Knocking / rattling inside primary drive case + backfire

I’m not sure if you checked it already, but as L.A.B. mentioned earlier, I would definitely check that when installed, the woodruff key is not taller than the keyway, as that would obviously stop the sprocket seating properly on the taper
I’m a bit confused by this. I was reading up about how woodruff keys work, including https://www.huyett.com/blog/woodruff-keys

So isn’t the flat part of the key supposed to stick out of the keyway a little?

Sorry if I’m being dumb here 😁
 
A nonstock mod I would recommend since it is apart is, the small oring over the crank against the seal.
This helps seal the crankcase better.
Here's the write up, from Mr.

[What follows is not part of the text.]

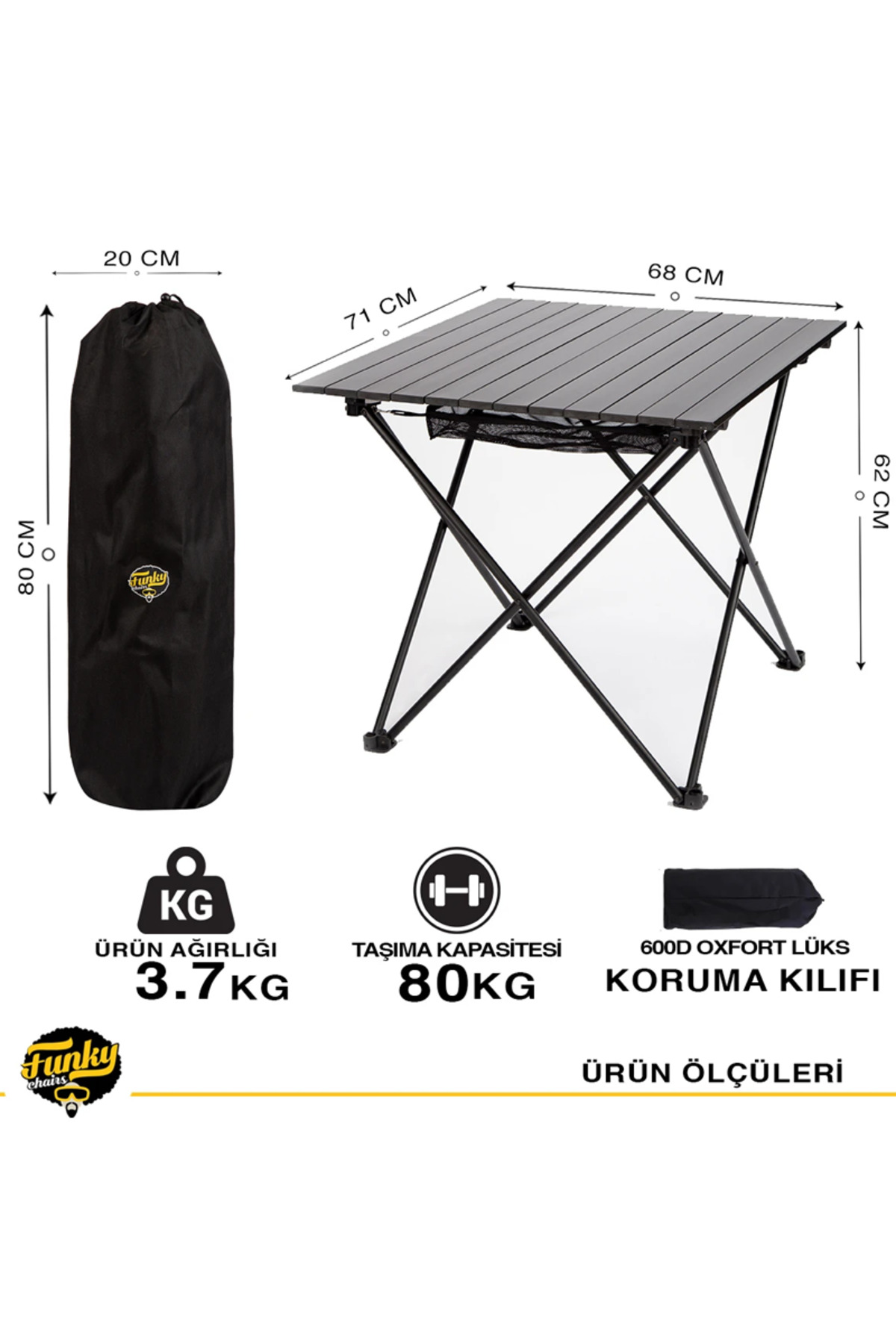 Funky chains BLACK CAMPING TABLE is DURABLE UP to 80 KG Thanks to its high resistance skeleton, it is resistant to EXTERNAL FACTORS WITH a carrying capacity of up to 80 kg. It is very resistant to the sun and rain. CARRYING BAG It can be easily carried with its bag made of quality fabric.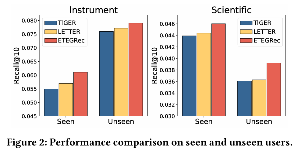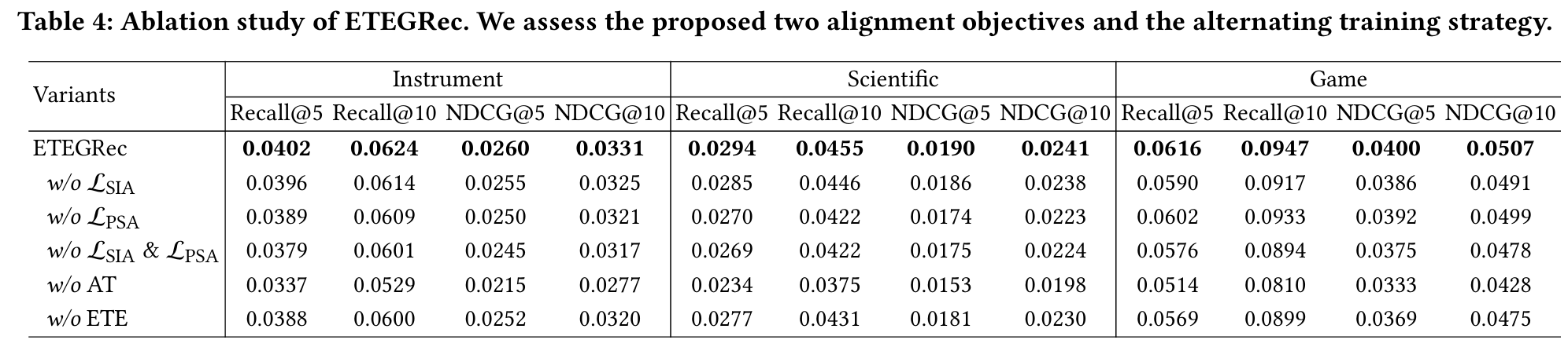 - w/o LSIA: 去除序列—物品对齐(SIA,式(15))。该变体在各数据集上均劣于完整 ETEGRec,表明在码本空间中对齐序列表示与物品表示有助于生成式推荐。

Schmidt, Jseng1.
The only real (very rare) problem wet sumping can cause is blowing out the crank main seal. You can avoid that problem by installing a 1-1/8" ID 3/32 wall viton oring between the primary sprocket and the main seal. Its a #122 oring and you can get them for cheap at suppliers like Mcmaster Carr. Wet sumping also makes it a little harder to kick over the motor but its not much of a problem on kirk start 750s or 850 Mk3s with electric start.

Along with the o ring, I would replace the crank seal... Just because.... after the little sanding/polish recommended by Mr. Marsh.
 
A nonstock mod I would recommend since it is apart is, the small oring over the crank against the seal.
This helps seal the crankcase better.
Here's the write up, from Mr. Schmidt, Jseng1.
The only real (very rare) problem wet sumping can cause is blowing out the crank main seal. You can avoid that problem by installing a 1-1/8" ID 3/32 wall viton oring between the primary sprocket and the main seal. Its a #122 oring and you can get them for cheap at suppliers like Mcmaster Carr. Wet sumping also makes it a little harder to kick over the motor but its not much of a problem on kirk start 750s or 850 Mk3s with electric start.

Along with the o ring, I would replace the crank seal... Just because.... after the little sanding/polish recommended by Mr. Marsh.
Thanks for this. I’ll try to find the correct o ring here in the UK.

Crank seal on order. I thought the same :)
 
I’m a bit confused by this. I was reading up about how woodruff keys work, including https://www.huyett.com/blog/woodruff-keys

So isn’t the flat part of the key supposed to stick out of the keyway a little?

Sorry if I’m being dumb here 😁
Yes, that’s correct, however if the incorrect key has been fitted and it protrudes too much from the shaft it will not allow the pulley to fully seat on the taper (which is imperative). It may be fine, but as you already have it apart it’s worth checking. You can probably just use a vernier to measure how far above the taper it protrudes when set parallel and then compare that to the depth of the groove in the sprocket. I hope that makes sense.

Edit: this may make it clearer.

Dimension C should not be greater than dimension E below..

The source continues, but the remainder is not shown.